Identical values of the key_attributes indicate matching Examples. An Attribute with id role is selected as key by default but an arbitrary set of one or more Attributes can be chosen as key. Four types of joins are possible: join_type.inner, join_type.left, join_type.right and join_type.outer join. All these types of joins are explained in the parameters section.
Differentiation
Append
The Append Operator merges the Examples of the input ExampleSets into the resulting ExampleSet. Therefore, all input ExampleSet need to have the same structure (number of Attributes, Attribute names and value types).
Cartesian Product
The Cartesian Product Operator builds a cartesian product of the input ExampleSets, i.e. every Example from the left ExampleSet is joined with each Example of the right ExampleSet.
Union
The Union Operator combines both input ExampleSets in such a way that all Attributes and Examples are part of the resulting union ExampleSet.
Superset
The Superset Operator expects two ExampleSets as input and adds the Attributes of the first ExampleSet to the second ExampleSet and vice versa. Both resulting ExampleSets are delivered as output of the Superset Operator.
Input
left
The left input port expects an ExampleSet. This ExampleSet will be used as the left ExampleSet for the join.
right
The right input port expects an ExampleSet. This ExampleSet will be used as the right ExampleSet for the join.
Output
join
The output port delivers the joint ExampleSet.
Parameters
remove double attributes
This parameter indicates if double Attributes should be removed or renamed. Double Attributes are those Attributes that are present in both ExampleSets. If this parameter is checked, from Attributes which are present in both ExampleSets only the one from the left ExampleSet will be taken and the one from the right ExampleSet will be discarded. If this parameter is unchecked, the Attributes from the right ExampleSet are renamed. The key_attributes will always be taken from the left ExampleSet. Please note that this check for double Attributes will only be applied for regular Attributes. Special Attributes of the right ExampleSet which do not exist in the left ExampleSet will simply be added. If they already exist they are simply skipped.
join type
This parameter specifies which join should be performed. You can easily understand these joins by studying the tutorial Process. Four types of joins are supported:
- inner: The resulting ExampleSet will contain only those Examples where the
key_attributesof both input ExampleSets match, i.e. have the same value. - left: This is also called left outer join. The resulting ExampleSet will contain all Examples from the left ExampleSet. If no matching Examples were found in the right ExampleSet, then its Attributes will consist of missing values. Missing values or null values are shown as '?' in Altair RapidMiner. The left join will always contain the results of the inner join; however it can contain some Examples that have no matching Examples in the right ExampleSet.

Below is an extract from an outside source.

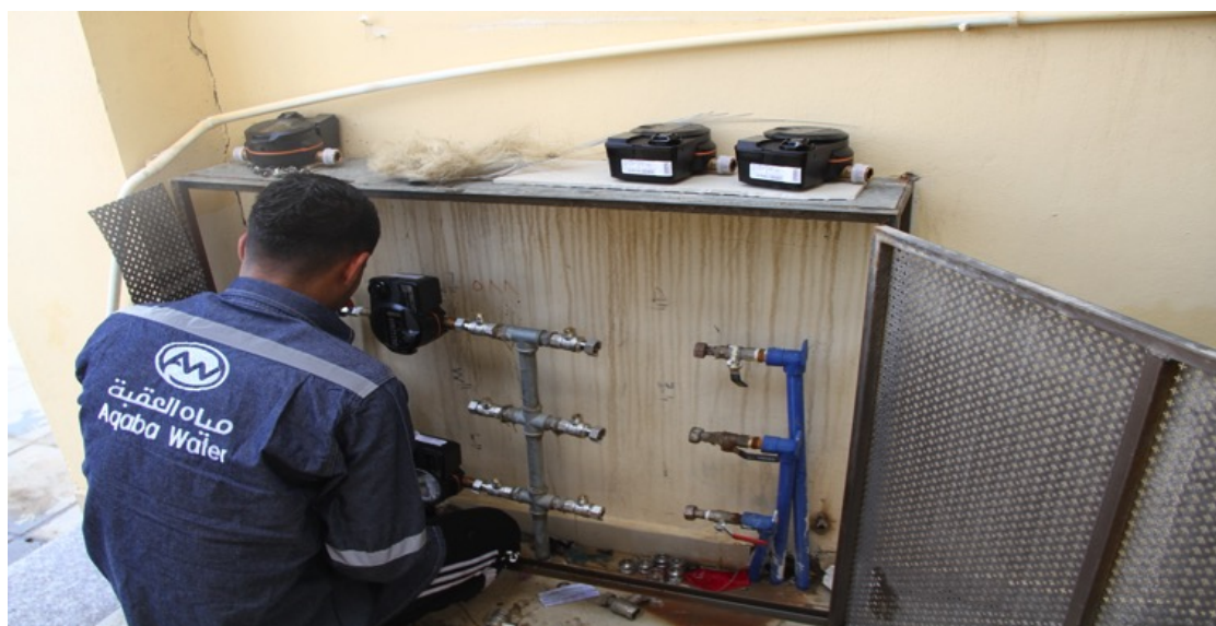
Mechanical residential water meters alongside more accurate ultrasonic meters.

water reduction needs to be different there than in other parts of Jordan. As part of the USAID Non-Revenue Water Project, the Management Engineering Services Contract assisted the Aqaba Water Company in replacing 7,250 mechanical residential water meters with more accurate ultrasonic meters. In addition to the new meters, a communications network and data management systems were installed, enabling two-way communication between the utility and its customers. It was anticipated that ultrasonic meters may have a bigger benefit in Aqaba than in places that have an intermittent water supply because the average flow rate through the customers' meters is much lower than with intermittent supply.

- right: This is also called right outer join. The resulting ExampleSet will contain all records from the right ExampleSet. If no matching Examples were found in the left ExampleSet, then its Attributes will consist of missing values. Missing values or null values are shown as '?' in Altair RapidMiner. The right join will always contain the results of the inner join; however it can contain some Examples that have no matching Examples in the left ExampleSet.

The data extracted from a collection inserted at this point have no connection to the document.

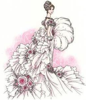
Elisabeth

Manga, which is a kind of lingua franca, is now a global phenomenon connecting with cultures beyond Japan. Particularly, shōjo manga or the girls comics genre is interesting owing to its history of more than a half century which has been inspiring women to create, while previously around the world, many comics cultures have targeted boys, not girls.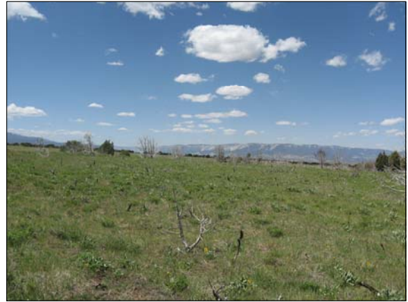
Looking West from Reference Point May 21, 2010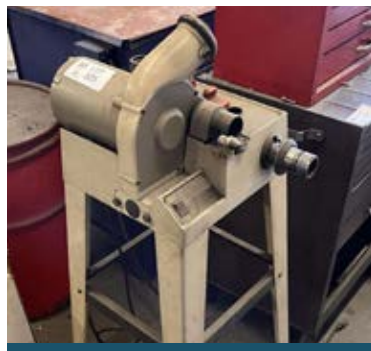
Darex SP2500 Drill Sharpener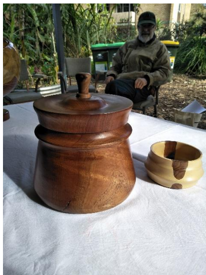
Antonio Imparato – Australian Cedar Biscuit Jar, Small composite pot.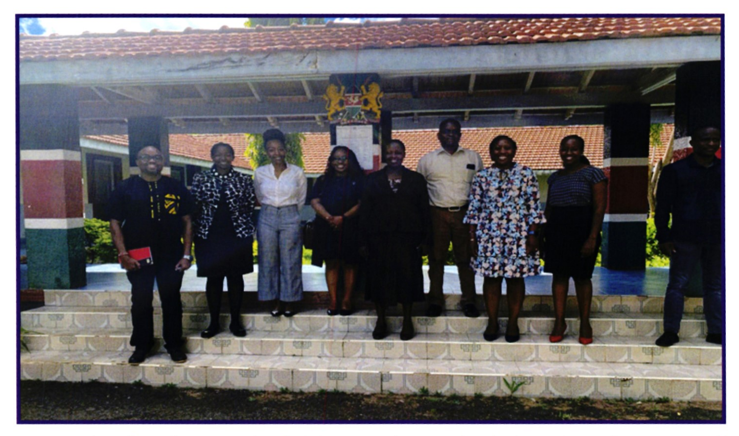
Team members form the secretariat of Victim Protection Board and Witness Protection Agency paid a courtesy call to the County Commissioners Office in Kitui County

Group photo with the opinion leaders in Muranga County, coming from the Religious leaders, Nyumba Kumi leaders, Village elders, CSO, Women leaders, Matatu operators, HRA, Peace partners and Youth leaders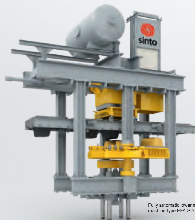
Fully automatic lowering moulding machine type EFA-SD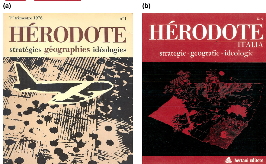
FIGURE 1 Covers of the first issues of the journals Hérodote , published in France since 1976, and Hérodote Italia , published in Italy since 1978.

become—through an apparent paradox—mainstream (Kitchin, 2005), in Italy this never happened, and a purely Marxist geography was more nuanced, and minoritarian, as well as other critical stances.

- outer: This is also called full outer join. This type of join combines the results of the left and the right join. All Examples from both ExampleSets will be part of the resulting ExampleSet, whether the matching
key_attributesvalue exists in the other ExampleSet or not. If no matchingkey_attributesvalue was found the corresponding resulting Attributes will consist of missing values. Missing values or null values are shown as '?' in Altair RapidMiner. The outer join will always contain the results of the inner join; however it can contain some Examples that have no matching Examples in the other ExampleSet.
use id attribute as key
This parameter indicates if the Attribute with the id role should be used as the key attribute. This option is checked by default. If unchecked, then you have to specify the key_attributes for both left and right ExampleSets. Identical values of the key_attributes indicate matching Examples.
key attributes
This parameter is available when the parameter use_id_attribute_as_key is unchecked. This parameter specifies Attribute(s) which are used as the key attributes. Identical values of the key_attributes indicate matching Examples. For each key attribute from the left ExampleSet a corresponding key attribute from the right ExampleSet has to be chosen. Choosing appropriate key_attributes is critical for obtaining the desired results.
keep both join attributes
If checked, both Attributes of a join pair will be kept. Usually this is unnecessary since both Attributes are identical. It may be useful to keep such a column if there are missing values on one side.